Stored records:
--- START ---

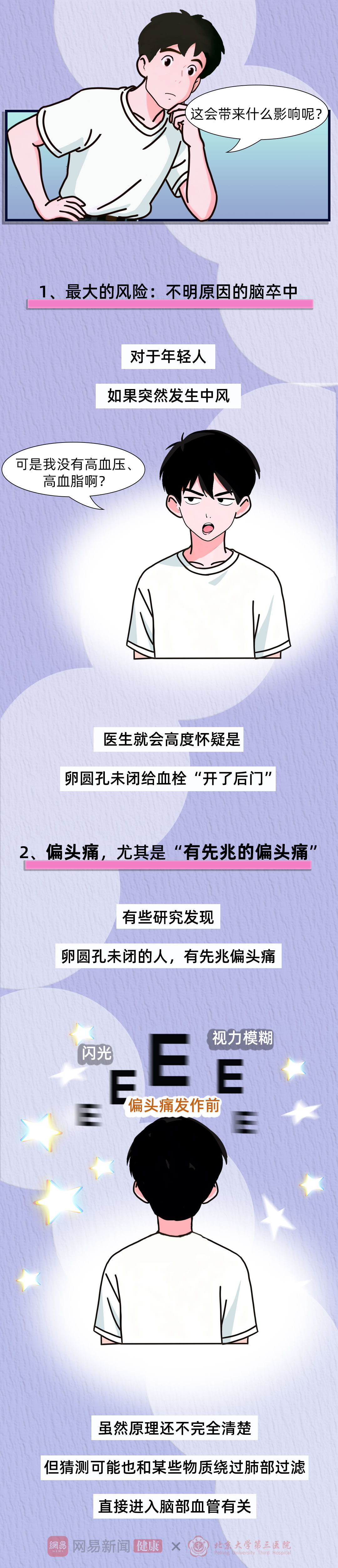 卵圆孔未闭 (PFO)不属于传统意义上的结构性心脏病(如房缺、室缺),它不引起心脏负荷增加,也不会导致心力衰竭。绝大多数PFO是在因其他原因,如脑卒中、偏头痛、体检做心脏超声时被偶然发现的。因此,发现卵圆孔未闭不必过度恐慌,但需要由医生评估它与临床症状的关联性。
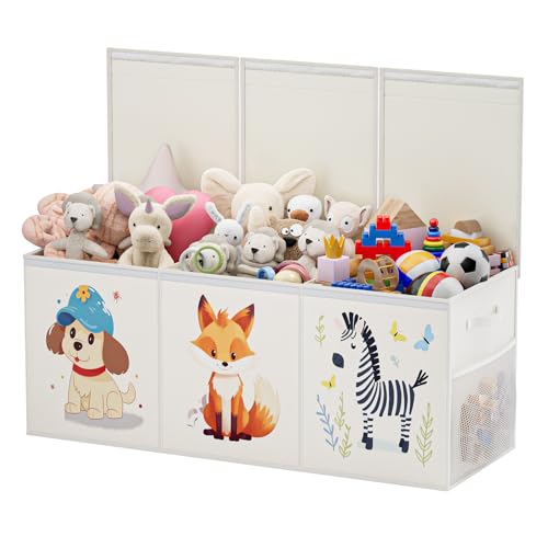 Restorgan Extra stor leksakslåda förvaring – hopfällbar robust leksaksförvaring med lock, söt leksak kista organiserare för pojkar flickor, stor barn leksakslåda fack för lekrum, sovrum, barnkammare
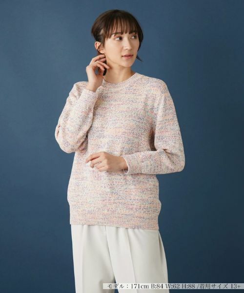 コットン100%の丁寧に編み込んだ、ミックスカラーのメランジニットプルオーバー。ネックラインはやや浅めに設定し、落ち着いたニュアンスに。シルエットには程よくゆとりをもたせ、肩肘張らないリラクシーな着心地を叶えました。これからの季節のカジュアルなコーディネートの主役として活躍間違いなし。ワイドパンツやデニムといった定番のボトムスはもちろん、フェミニンなスカートにも合わせやすいアイテムです。
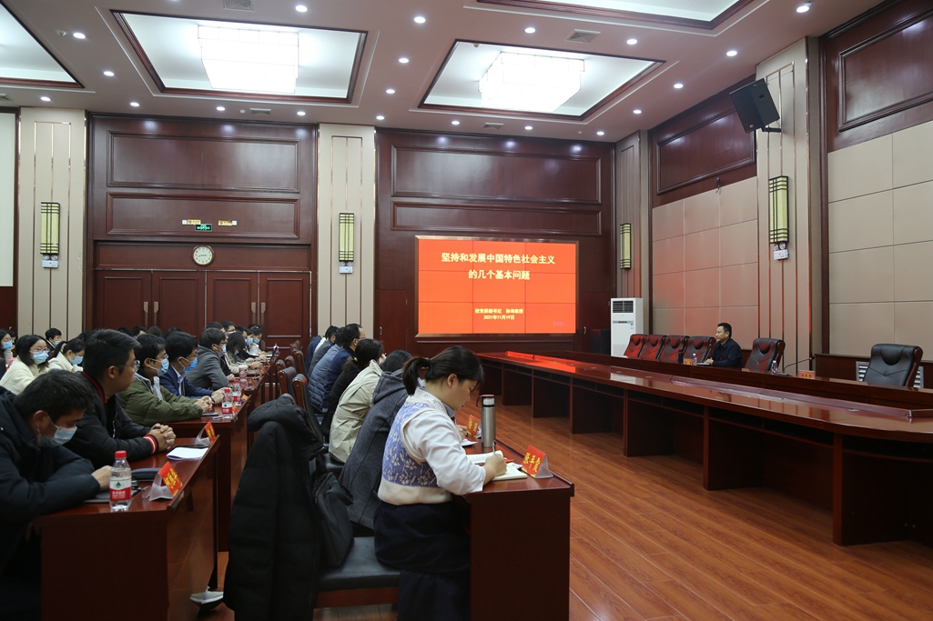 报告会上,孙海副书记从“为什么坚持党的全面领导”“为什么坚持社会主义道路”“为什么要以人民为中心”“为什么发展是第一要务”“为什么要达到共同富裕”等五个基本原则方面,深刻剖析了什么是中国特色社会主义。他以践行与发展中国特色社会主义的风雨历程为讲述视角,引用大量生动详实的国内国际实例,对中国特色社会主义的“接力”探索过程进行回顾,让在场的青年教师深刻体会到以人民为中心、为人民服务的中国特色社会主义制度的核心,认识到中国特色社会主义制度最大的优势、最大特色是中国共产党的领导,坚持党的全面领导是党和国家的根本所在、命脉所在,是中国人民和中华民族的利益所系、命运所系。他强调,我国正面临百年未有之大变局,广大青年教师要深刻领悟中国共产党领导和中国特色社会主义制度的显著优势,继续全面深入学习习近平新时代中国特色社会主义思想,不断求真务实、砥砺奋进、增强历史使命感和责任感,潜心教书育人,为推动学校高质量发展贡献青春智慧和力量。
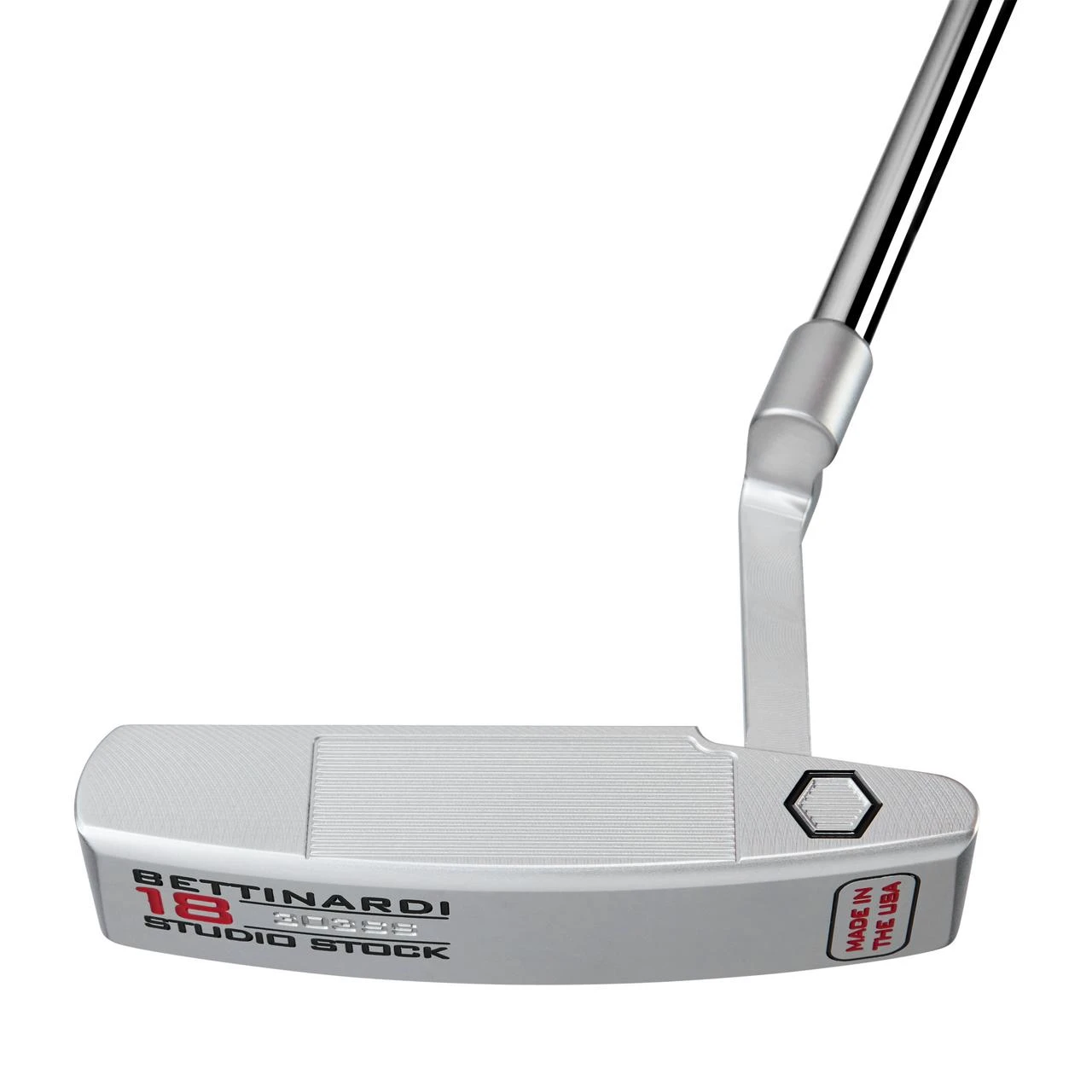 Bringing Tour-proven head shapes from the game’s best golfers, Robert Bettinardi’s 2021-22 Studio Stock Series includes four expertly crafted models to give champion-inspiring confidence to any player. Precision milled from a single block of 303 Stainless Steel, each sleek model features the all-new, Tour-inspired Roll Control Face Milling, a scientifically engineered groove profile designed to get the ball into a true roll faster, while still maintaining exceptional feel and audible feedback in every putt. The Studio Stock series is completed with our smooth Diamond Blast finish to provide a clean appearance from address, and is complemented by a crisp red and black paint scheme. Each Studio Stock putter is built with a Tour-grade shaft, and is paired with a matching premium headcover and Bettinardi Lamkin SINK Fit grip.
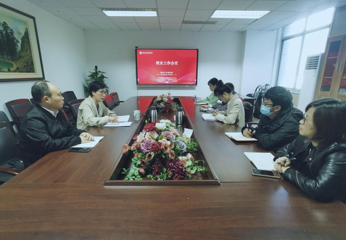 会议讨论了温州大学商学院“谭伟鸿奖教金”设立相关事宜、校友库数据完善、校友沙龙、校友奖学金发放、第七届融商杯及温州大学办学89周年系列活动等事宜。郑彩莲书记针对相关事宜做出部署。
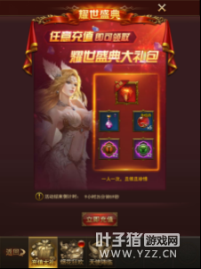 活动时间:2017年11月28日0点-2017年11月28日23点59分 活动内容: 活动一、耀世盛典大礼包 活动期间,充值任意金额即可领取丰厚的奖励,活动期间每人仅可领取1次。 (奖励内容根据活动开始时服务器的世界等级获取) Ø 世界等级大于380级: 耀世庆典爆竹*1,2倍经验药水*1,直升1级丹(限时)*5,月白宝石*4,进化宝石*1
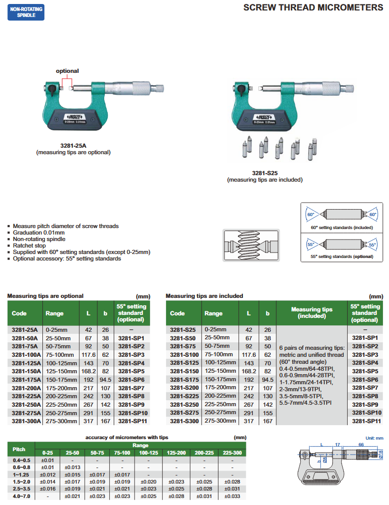 - Isporučuje se s 60° etalonima za podešavanje (osim modela 0–25 mm)
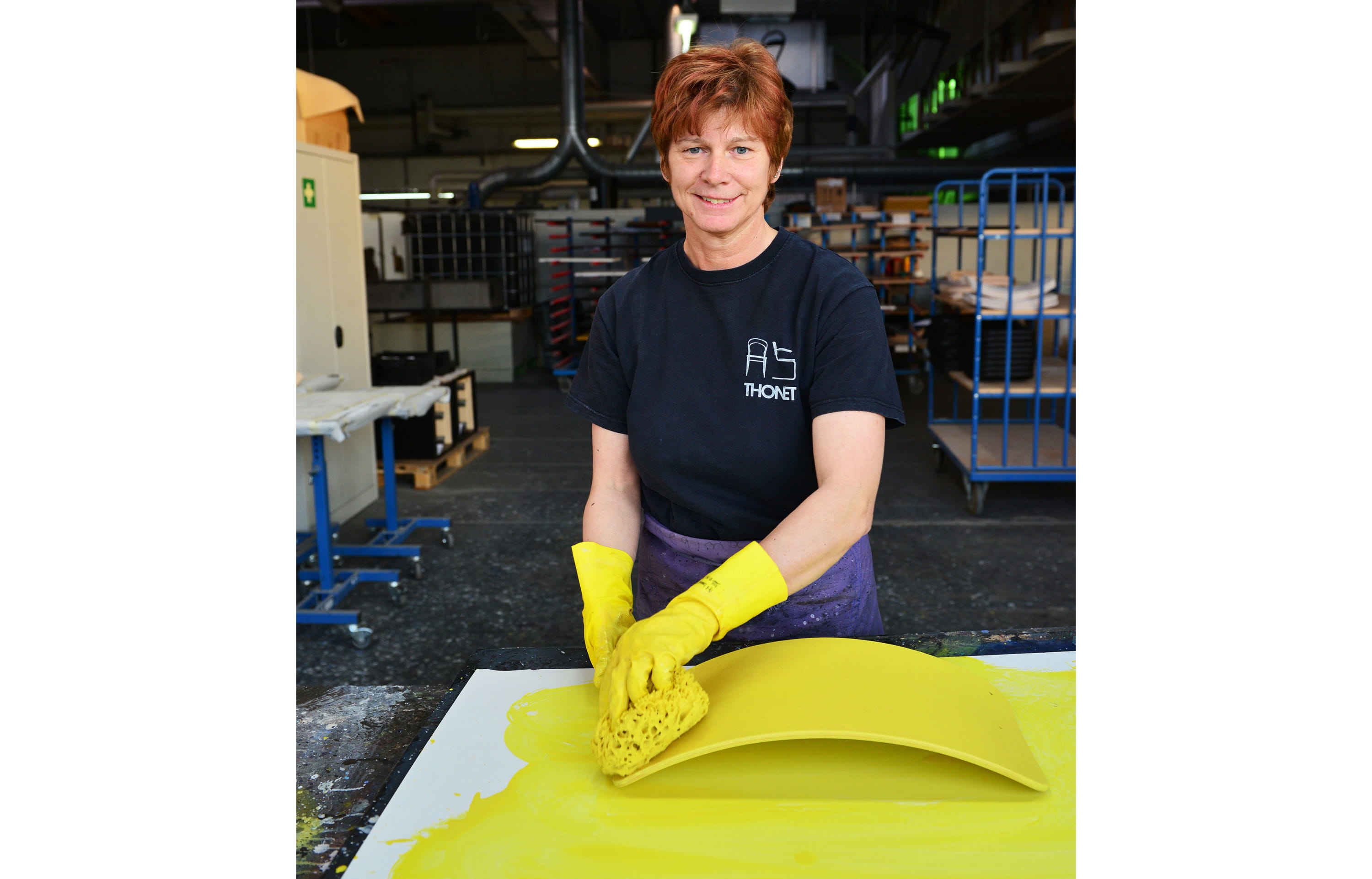 Les méthodes inventées par Michael Thonet pour le cintrage du matériau naturel, mises en place dès 1819 et développées à partir de 1859 avec le bois massif et la création de la célèbre chaise N°14 (aujourd’hui N°214), sont identiques à celles d’origine. « Nous réalisons une production de série, mais chaque pièce est unique, parce qu’elle est passée, à un moment ou un autre, entre les mains expertes de nos ouvriers. L’intervention humaine garantit la qualité », indique Brian Boyd.

--- END ---

Aim of the task:
Repeat, exactly and in full, each line from the start of the data to the line that contains "Restorgan Extra stor". Pictures do not go in.

Task result:
 卵圆孔未闭 (PFO)不属于传统意义上的结构性心脏病(如房缺、室缺),它不引起心脏负荷增加,也不会导致心力衰竭。绝大多数PFO是在因其他原因,如脑卒中、偏头痛、体检做心脏超声时被偶然发现的。因此,发现卵圆孔未闭不必过度恐慌,但需要由医生评估它与临床症状的关联性。
 Restorgan Extra stor leksakslåda förvaring – hopfällbar robust leksaksförvaring med lock, söt leksak kista organiserare för pojkar flickor, stor barn leksakslåda fack för lekrum, sovrum, barnkammare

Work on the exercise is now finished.